Хлопьянов приотстал, вдыхал холодный воздух, в котором, не смешиваясь, струились сочные запахи, – прогорклой осенней листвы, ледяной воды, рыбьей слизи, невидимого, притаившегося в деревьях зверья. Мелькнула на синем прогале неба круглоголовая, с пышными крыльями, сова. Под кручей на воде вздулся и тут же погас голубой бурун, словно след от рыбьего плавника. Шагая по тропинке, чувствуя, как горячо от ходьбы его упругим и сильным мышцам, Хлопьянов переживал этот маленький отрезок пути над сверкающей осенней рекой, как продолжение огромного, выпавшего ему на долю движения от рождения к смерти. В него укладывались другие отрезки, – тот кусочек лестницы в подъезде московского дома, который каждый раз пробегал, страшась притаившихся в подвале чудовищ, и та аллея на кладбище, по которой нес на плечах гроб с дедом, и у самых глаз свисала из гроба красная сырая гвоздика, и та афганская пыльная тропка, выбитая горными козами, над которой светилась растяжка замаскированной мины, и коридор в провинциальной гостинице, по которому крался впотьмах, и в соседнем номере незаперта дверь, белеет в темноте женское ждущее лицо. И теперь – эта тропка над северной холодной рекой, куда привела его загадочная линия жизни, и он идет, в предвкушении чуда, сопровождаемый невидимыми льдистыми рыбинами.
Ощущение неповторимости этого отрезка пути, этого бесценного промежутка жизни было столь велико, что он оглянулся, не присутствует ли здесь тот, кто наградил его этим острым переживанием.

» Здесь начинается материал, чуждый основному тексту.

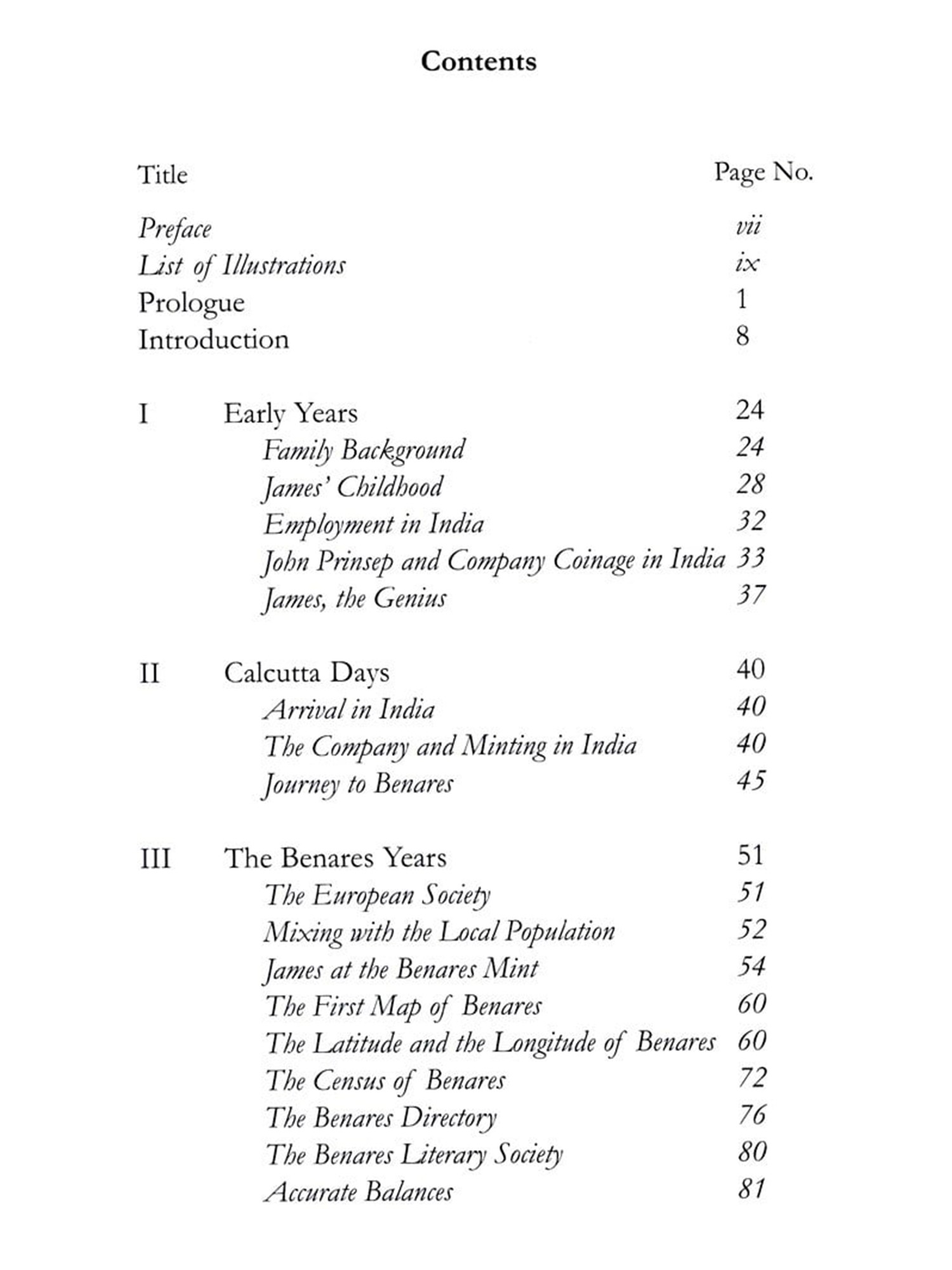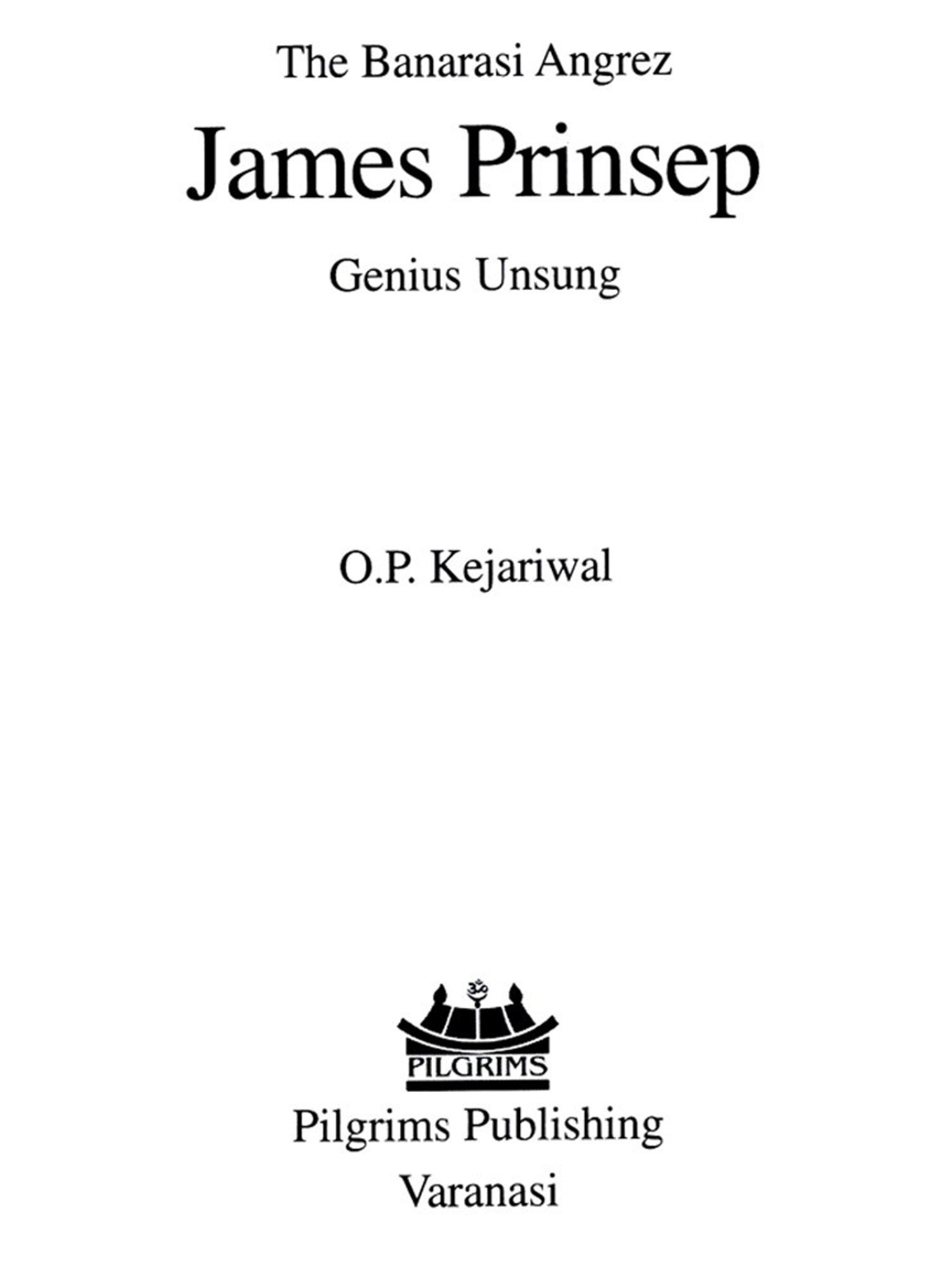 First, the background of the unusual subtitle: The Banarasi Angrez. In 2004, on my retirement from the Civil Services, I came to settle down in Banaras. Strangely, I found that here, practically no one that I met had even heard the name of James Prinsep, let alone about his many-dimensional contributions to the development of the city. Then one day I met Raman Shankar Pandya, popularly known as Rammo Bhaiya, a sixth-generation inhabitant of Banaras. He asked me what I was doing at the time, and on my replying that I was working on a biography of James Prinsep, he immediately said, 'Oh, James Prinsep! He was a great man and a greater Banarasi than we Banarasis'. I was surprised and asked him how he had heard of this name when it had evoked almost a blank response when I spoke of him to other people including senior academicians.

Но кругом темнел лес, вспыхивала редкая волна на реке и снова, круглоголовая, мягкая, на фоне негаснущей голубой зари, пролетела сова.
Поднялись на холм, услышали гул голосов, негромкий стук мотора. Увидели мигающие огоньки, полосы туманного света, неясные тени. Через минуту оказались у тесового покосившегося сарая с дощатыми сходнями. Трактор светил фарами, блестел гусеницами. Качались на воде причаленные лодки. Мужики погогатывали, покрикивали, толпились на сходнях. В темной подсвеченной глубине сарая громоздились ящики, бочки, мутно белела гора льда.
– Михаил никак нового работника привел! Заместитель по винной части? – гоготнул небритый мужик с ободранной щекой, дохнув на Хлопьянова запахом водки и табака.
– Ты, Никитич, лучше под ноги смотри, а то в прошлый раз пол-лица на досках оставил! – откликнулся Михаил, защищая Хлопьянова от неосторожных шуток и одновременно этим полушутливым ответом помещая Хлопьянова в артельный круг. Кто-то подмигнул, кто-то находу задел локтем, кто-то протянул сигарету. Он был принят в ночную работающую артель, которая осмотрела его, оценила и тут же забыла о нем, занятая трудами и хлопотами.